Jesus, He showed us the Father. I love this about Jesus. He always goes too far! He just pushes it! Have you noticed that? We’re going to look at some of the radical sayings of Jesus. He didn’t go around saying, “What is the sound of one hand clapping?” Jesus said stuff like, “If you want to follow Me, sell everything that you have and follow Me! Have a nice day!” Jesus said, “If you have a problem with lust or with the Internet; pluck out your eye and cut off your hand!” Okay, we’ll look at that in a couple of weeks, but the point of the matter is that Jesus is always pushing it. He’s pushing it calling us to radical commitment, and He pushes us to radical love as well. What did Jesus do? Not only did He reveal the Father, but He revealed the Father heart of God.

Look at I John 4:9-12. It says, “This is how God showed us His love among us: He sent His One and Only Son into the world that we might live through Him.” Man, my life is good when I’m living through Him. Not perfect! Doesn’t mean I don’t have problems and that I don’t experience brokenness and pain, but my life is good when I’m living through Him. God, teaching us.
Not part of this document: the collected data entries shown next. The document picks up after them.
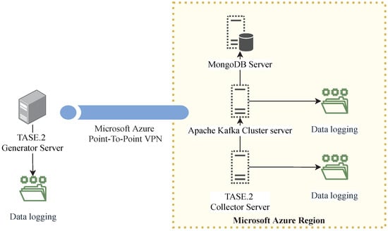 The use of the Microsoft Azure service allowed us to simplify the deployment process, as the automated orchestration script was created to install all components, prepare the environment, and launch the tests without the need for user interaction in all geographical locations. For this purpose, we used predefined Azure machines in D4s_v3 and B2s configurations for TASE.2 collectors and Apache Kafka brokers with MongoDB, respectively. The exact hardware parameters of these machines are listed in Table 1 [].
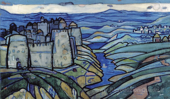 Ti offriamo una riproduzione artigianale su tela dell'opera famosa 'Paesaggio del Nord con fortezza' di Nicholas Roerich, dal Museo delle Riproduzioni.
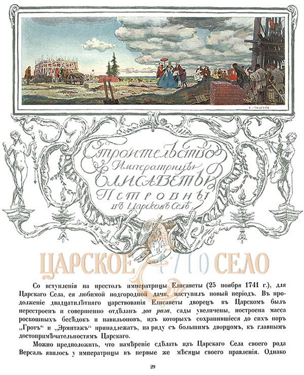 Были напечатаны такие шедевры полиграфического искусства, как "Царское Село в царствование императрицы Елизаветы Петровны" А.Н. Бенуа (1910) с иллюстрациями "мирискуссников".

Here is verse 10. You’ve got to love this, because He says, “This is love.” Show me the love! Here it is, “Not that we loved God…” That person, man, they loved God! Man, that person over there, they’re in the Word! Look at them! They love God. Ben, he loves God. “Not that we love God, but that He loved us!” He is the Father pursuing us, and He sent His Son as an atoning sacrifice for our sins.

Paul takes it to a whole other level in Ephesians 1, “Praise be to the God and Father of our Lord Jesus Christ who has blessed us in the Heavenly realms with every spiritual blessing in Christ; for He chose us in Him before the Creation of the world to be holy and blameless in His sight. In love He predestined us to be adopted as sons through Jesus Christ in accordance with His pleasure and will, to the praise of His glorious grace which He has freely given us in the One He loves. In Him we have redemption through His blood, the forgiveness of sins in accordance with the riches of God’s grace that He lavished on us with all wisdom and understanding.”

God the Father is not a stingy God! He’s not someone way up there in the distance. He’s not the man way upstairs up there! He’s not the “force be with you.” No! God the Father has revealed Himself to us in His Son, and the Son has shown us the Father heart of God, and He has lavished His love on us! He has given us an inheritance in Christ right now, and in the future that absolutely blows our mind. If we could just tap into a scintilla of it, our lives, and our relationships will be radically transformed!

I John 3:1, “How great is the love the Father has lavished on us that we should be called children of God.” That is what we are. The Father from the beginning of time has been pursuing you with an unstoppable, unchangeable love. He’s the Father that you’ve been looking for.

Dear God, we thank You that You are our Father. God, we thank You that You are so gracious and kind, so tenacious and so powerful that You never let us go; that You pursue us, God! Lord, I know there are some men in here today who need to stop playing games. They need to leave the far country for good and receive You as their Father. They need to see that Your Son can rescue them and can give them a life that they could not have imagined. He can put them on a path that will blow their minds. Lord, I pray for some men here today, some young men who need to stand and come down front and get real with You today.

Lord, I pray for others here who need to do the same thing. They need a relationship with You. They need to know You as a Heavenly Father, not as some vague concept, or some god of nature. They need to know You personally. Lord, today You’ve been speaking to them. May they stand and come down front today.